| RECORDED INFORMATION |
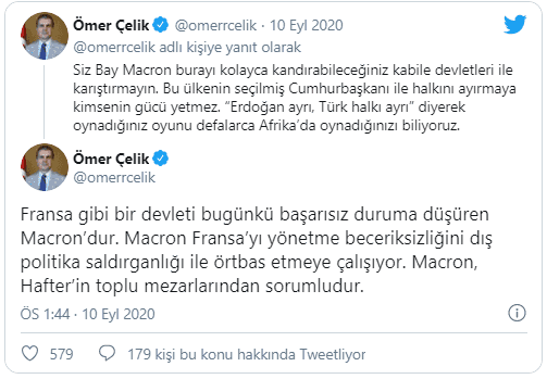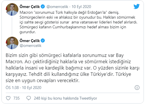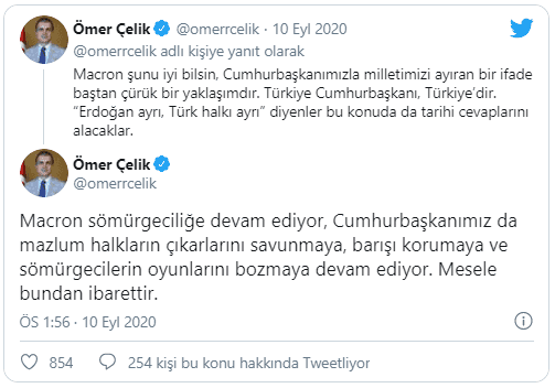 Ömer Çelik, Macron’un sömürgeciliğe devam ettiğini belirterek, ‘’Cumhurbaşkanımız da mazlum halkların çıkarlarını savunmaya, barışı korumaya ve sömürgecilerin oyunlarını bozmaya devam ediyor. Mesele bundan ibarettir" dedi.
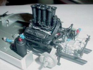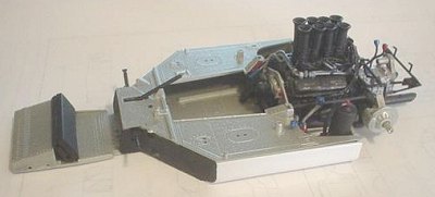 The engine was painted flat black with an aluminum transmission. As with and auto kit, the engine was painted as an assembly. The various hoses have red or blue fittings on each end. These were painted all at once before being removed from the trees. Three coats of acrylic paint was needed to cover the black hoses.
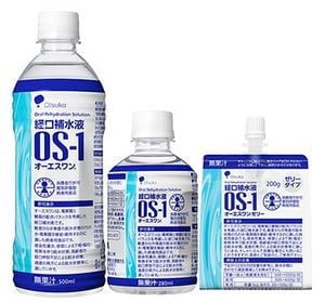 OS-1は、軽度から中等度の脱水状態の人体に対して、水や電解質を補給・維持するのに適した病者用食品。具体的には、感染症腸炎、感冒による下痢・嘔吐・発熱を伴う脱水状態、高齢者の経口摂取不足による脱水状態、過度の発汗による脱水状態等に適している。

| EXERCISE REQUIREMENTS |
Transcribe the material exactly, leaving every picture out.

| RESPONSE TO THIS EXERCISE |
 Ömer Çelik, Macron’un sömürgeciliğe devam ettiğini belirterek, ‘’Cumhurbaşkanımız da mazlum halkların çıkarlarını savunmaya, barışı korumaya ve sömürgecilerin oyunlarını bozmaya devam ediyor. Mesele bundan ibarettir" dedi.
 The engine was painted flat black with an aluminum transmission. As with and auto kit, the engine was painted as an assembly. The various hoses have red or blue fittings on each end. These were painted all at once before being removed from the trees. Three coats of acrylic paint was needed to cover the black hoses.
 OS-1は、軽度から中等度の脱水状態の人体に対して、水や電解質を補給・維持するのに適した病者用食品。具体的には、感染症腸炎、感冒による下痢・嘔吐・発熱を伴う脱水状態、高齢者の経口摂取不足による脱水状態、過度の発汗による脱水状態等に適している。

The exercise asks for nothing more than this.